On the one hand, nothing tried to shatter his skull or crush him to death. That’d be the good news.
The bad was that, though he could indeed step out onto the platform, he wasn’t leaving the train.
A net of metal rinks, strung close and tight, covered the entire gap, top and sides, connecting this car to the next. Tiny streams of sunlight filtered through, and if he leaned up against the mesh—risking a nasty pinch as the rings rubbed against one another—he could just barely make out the sight of open plains whipping past.
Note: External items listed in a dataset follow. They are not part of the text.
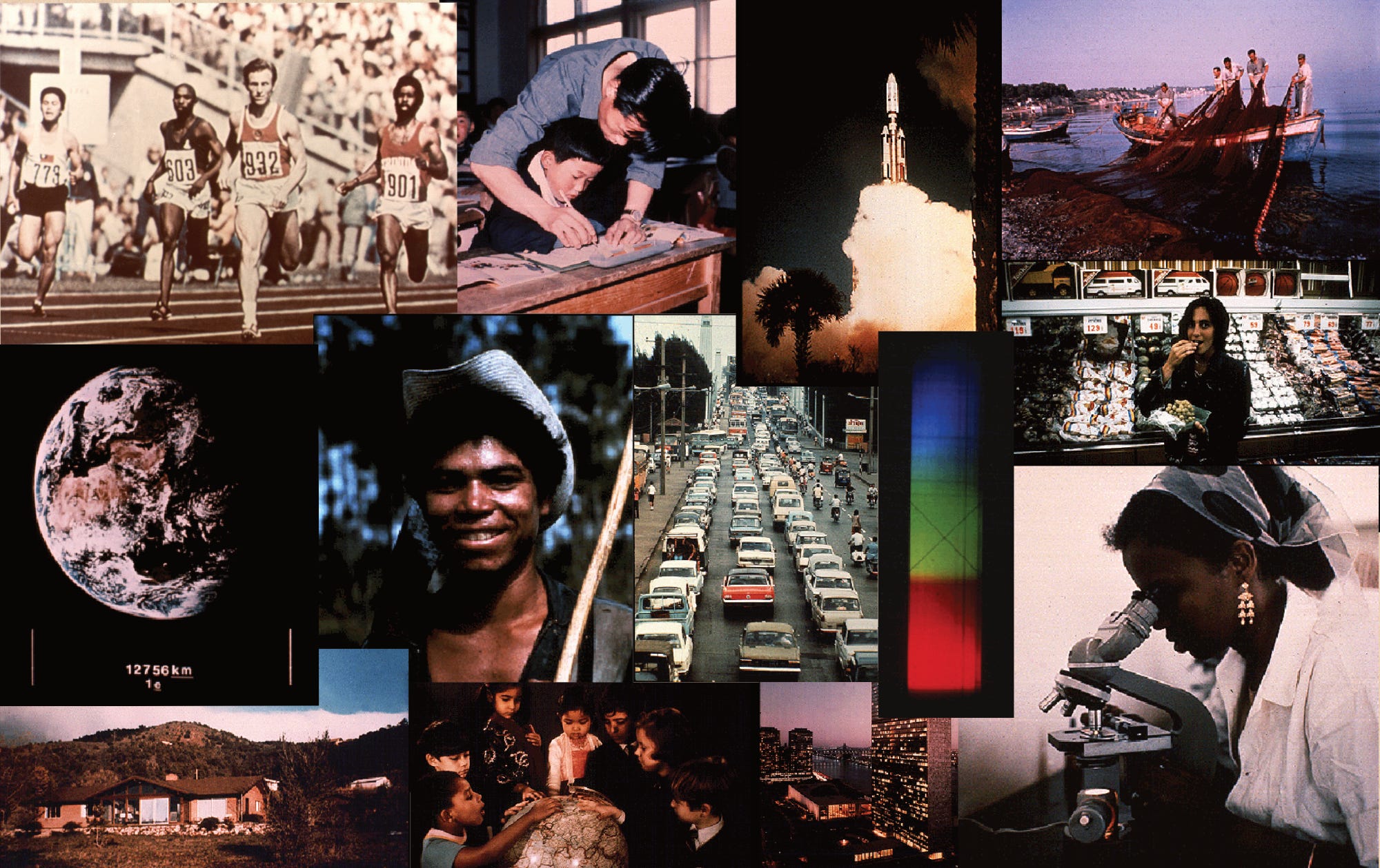 Lead image by Ella Watkins-Dulaney. Collage Credits: History of the Olympics, Picturepoint, London / UN/DPI Photo / NASA / National Astronomy and Ionosphere Center, Cornell University (NAIC) / Frank Drake.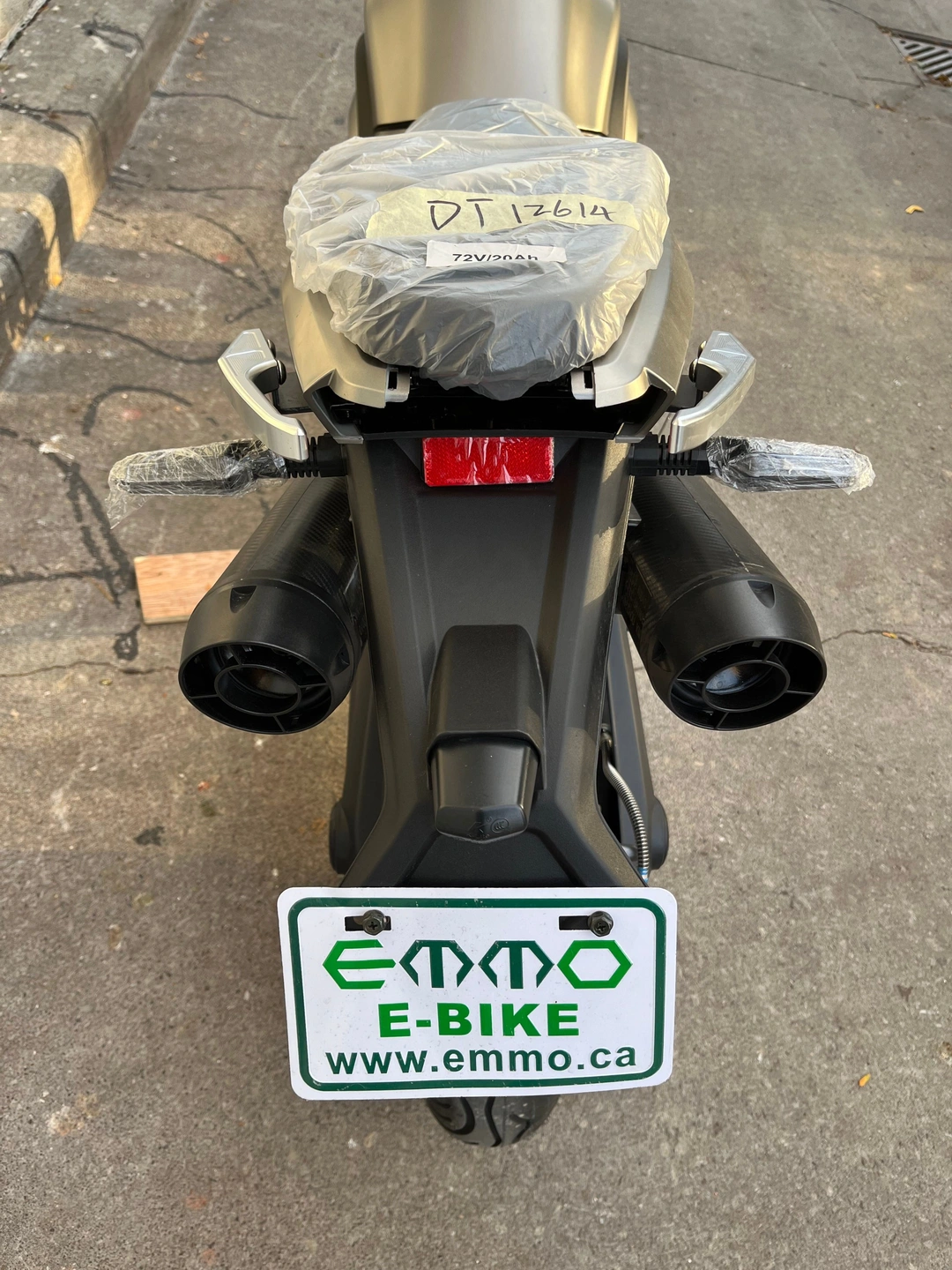 5Condition: near-perfect showroom demo, sat ~1 month. Same warranty as new. Fully tuned and ready to ride. Comes with battery and charger! Only ONE unit LEFT! — first come, first serve. High torque motor, reaches a top speed of 60 - 70 km/h. Can be modded up to 130km/h! Excellent climbing and handling capabilities! Range options and Pricing: 72V20Ah Lead-Acid: $3450 OTD 40-50 km range. 72V32Ah Lead-Acid: $3650 OTD 55-60 km range. 72V30Ah Lithium Ion: $4800 OTD 65-70 km range. 72V60Ah Lithium Ion: $6800 OTD 115-125 km range. (OTD include PDI/assembly.) If you'd like to try her out first, no problem! Test ride today at our downtown showroom, at 438 Spadina Ave. Of course, don't be afraid if you'd like to talk about the price. Surely we can work something out! Text “DX Demo” to (877) 849-5788 or call 416-792-3227 or come to our location directly. Financing available OAC.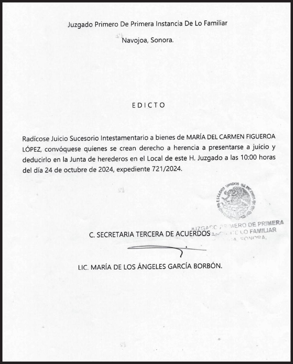 Quinto Circuito; Karina Jesús Almada Rábago del Juzgado 1er Distrito en el Estado de Sonora, con residencia en Hermosillo, Quinto Circuito; Noel Castro Melgar del Juzgado 3er de Distrito en el Estado de Sonora con residencia en Hermosillo, Quinto Circuito; Antonio Genaro Valerio Pinillos del Juzgado 11 de Distrito en el Estado de Sonora con residencia en Hermosillo, Quinto Distrito; Antonio Mora Diez del Juzgado 13 de Distrito en el Estado de Sonora con residencia en Hermosillo, Quinto Distrito; Lorena Geraldo Ibarra del Juzgado 4to de Distrito en el Estado de Sonora con residencia en Nogales, Quinto Distrito; Vacante del Juzgado 9no de Distrito en el Estado de Sonora con residencia en Agua Prieta, Quinto Distrito y Guillermo Jorge Campo García Suárez del Juzgado 8avo de Distrito en el Estado de Sonora con residencia en Ciudad Obregón, Quinto Distrito.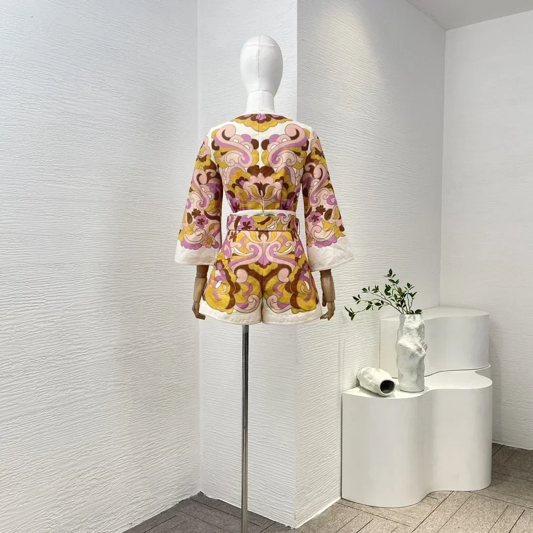 Новейшая коллекция 2023, качественная блузка с рукавом 3/4 и шорты с широкими штанинами и высокой талией

But he certainly wasn’t tearing his way through it, and close examination was enough to convince him that he’d just be wasting ammunition to try shooting holes in it.
Russ had exactly two options, far as he could see. He could go back into the room he’d just left and sit, waiting for gods alone knew what, for gods alone knew how long.
Or he could move on into the next car, and maybe the next, until he found some way off this gods damned train!
Choking back something between a grunt and a sob, he reached out for the opposite door.
It was in the second car that he found the first body.
An entire thicket of old and rusted spikes rose and fell in waves down the length of the car. Thrust upward and hauled down by the turning of the train’s wheels, or so it seemed, they rippled and waved in hypnotic swells along both walls, leaving only a narrow path that snaked and meandered its way from door to door. Fearsome, certainly, but easily navigable by anyone with the slightest agility and sense of balance.
Something that one of Russ’s boys had apparently lacked.
“Oh, shit! Mitch…”
The corpse rode the spikes along the left hand side, slowly swaying up and down with the rhythm of the train. Jags of bloody steel punched through ripped clothing and torn flesh, gradually ripping the body apart with their constant tugging. Mitch’s eyes and mouth hung wide open; the poor bastard had known what was coming.